Direkt hinter den Resten der alten Berliner Stadtmauer, zwischen Kloster-, Parochial- und Waisenstraße gelegen, befindet sich die älteste Kirche der Reformierten Gemeinde Berlins, die barocke Parochialkirche – Parochial bedeutet Gemeinde.
Zum Ensemble von Parochial gehören das vollständig erhaltene Gruftgewölbe, spätere Gemeindebauten sowie der Parochialkirchhof, der heute neben dem Sophienkirchhof der einzige noch erhaltende, barocke Innenstadtfriedhof im Zentrum ist.
1695 wurde mit dem Bau der Parochialkirche nach Plänen des Architekten Johann Arnold Nering begonnen. Der Zentralbau auf vierpassförmigem Grundriss mit Vierungsturm, vorgeblendeter Vorhalle und einem von Säulen getragenen Portalrisalit mit Dreiecksgiebel wurde nach Nerings Tod 1695 von Martin Grünberg verändert weitergeführt. 1713-15 erfolgte die Fertigstellung durch Philipp Gerlach mit der Vollendung des Glockenturmes nach Plänen von Jean de Bodt.
Im Südosten wird das Gelände durch das neobarocke Gemeindehaus (Gustav Knoblauch, 1888/89) begrenzt. Die eigenständige Parochialgemeinde schloss sich 1968 mit der Georgengemeinde zusammen, 2003 und 2006 erfolgten weitere Fusionen zur heutigen Evangelischen Kirchengemeinde St. Petri-St. Marien.
Seit 1884 beschäftigt sich die Denkmalpflege mit der Restaurierung der Parochialkirche und dem Ausbau des schmucklosen Innenraumes, der die Besucher mit original barockem Mauerwerk empfängt. Kurz vor Ende des Zweiten Weltkrieges brannte die Parochialkirche bis auf die Umfassungsmauern vollständig aus. Die oberen Turmteile und das Dach stürzten ein. Erst 1951/52 konnte letzteres wiederhergestellt werden. Die Rekonstruktion des Turmobergeschosses ist ab 2014 geplant. Nach der Fertigstellung der Kirchturmspitze soll der Turm wieder eine Höhe von 66 Metern haben.
Ab 1946 nutzt die Gemeinde einen Raum über dem Eingangsportal der Kirche für ihre Gottesdienste. Der Innenraum als “überdachte Ruine” wurde ab 1970 zur Möbellagerung genutzt. Das im Altarraum gehängte große Eisenkreuz wurde 1961 von Fritz Kühn aus in Ruinen gefundenen Rohren gefertigt.

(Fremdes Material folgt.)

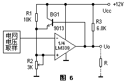 图6为某电磁炉电路中电网过电压检测电路部分。电网电压正常时,1/4LM339的U4<2.8V,U5=2.8V,输出开路,过电压保护电路不工作,作为正反馈的射极跟随器BG1是导通的。当电网电压大于242V时,U4>2.8V,比较器翻转,输出为0V,BG1截止,U5的电压就完全决定于R1与R2的分压值,为2.7V,促使U4更大于U5,这就使翻转后的状态极为稳定,避免了过压点附近由于电网电压很小的波动而引起的不稳定的现象。由于制造了一定的回差(迟滞),在过电压保护后,电网电压要降到242-5=237V时,U4<U3,电磁炉才又开始工作。这正是我们所期望的。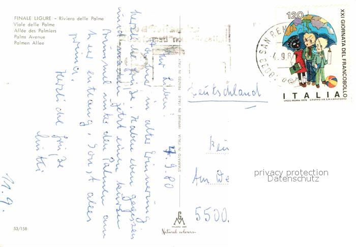 old postcard Finale Ligure Viale delle Palme postalisch gelaufen Erhaltung siehe scans [FriedD77]

Die ersten Beisetzungen auf dem Kirchhof fanden ab 1706 statt. Ende des 19. Jahrhunderts wurde ein Seitenstreifen zur Verbreiterung der Parochialstraße abgetrennt, 27 Grabstellen waren umzubetten. Zu größeren Umgestaltungen kam es um 1936 vor allem im direkten Bereich um die Kirche und das Gemeindehaus. Bis 2005 erfolgte die vollständige Restaurierung der Epitaphien, der gusseisernen Grabkreuze und -tafeln, der steinernen Grabmale aus dem 17. bis 19. Jahrhundert sowie der beiden erhaltenen Mausoleen einschließlich der Wiederherstellung der historischen Wege- und Vegetationsstrukturen.
Ab 1700 fanden Beisetzungen in der ausgedehnten Gruft unter der Kirche statt. Vornehmlich hohe Staatsbeamte und Angehörige der reformierten Berliner Oberschicht wurden hier beigesetzt. Vermögende Familien und Einzelpersonen, teils adlig, teils bürgerlich, teilten sich die Grüfte. Die Tradition der Beisetzung in Grüften verschwand im Laufe des 19. Jahrhunderts. Nach dem Verbot von 1854 kamen noch wenige Särge mit Sondergenehmigungen bis 1878 dazu. Die Gruftanlage besitzt ein wohldurchdachtes Belüftungssystem, das alle Kammern durch kleine Schächte miteinander verband und die Mumifizierung der 560 hier beigesetzten Leichname begünstigte. Das besondere Klima in der Gruft führte zum Erhalt organischer Substanzen, von Kleidungsresten sowie Innendekorationen. Anhand der Funde konnten neue, wichtige Erkenntnisse zur Bestattungskultur im 18. Jahrhundert gewonnen werden.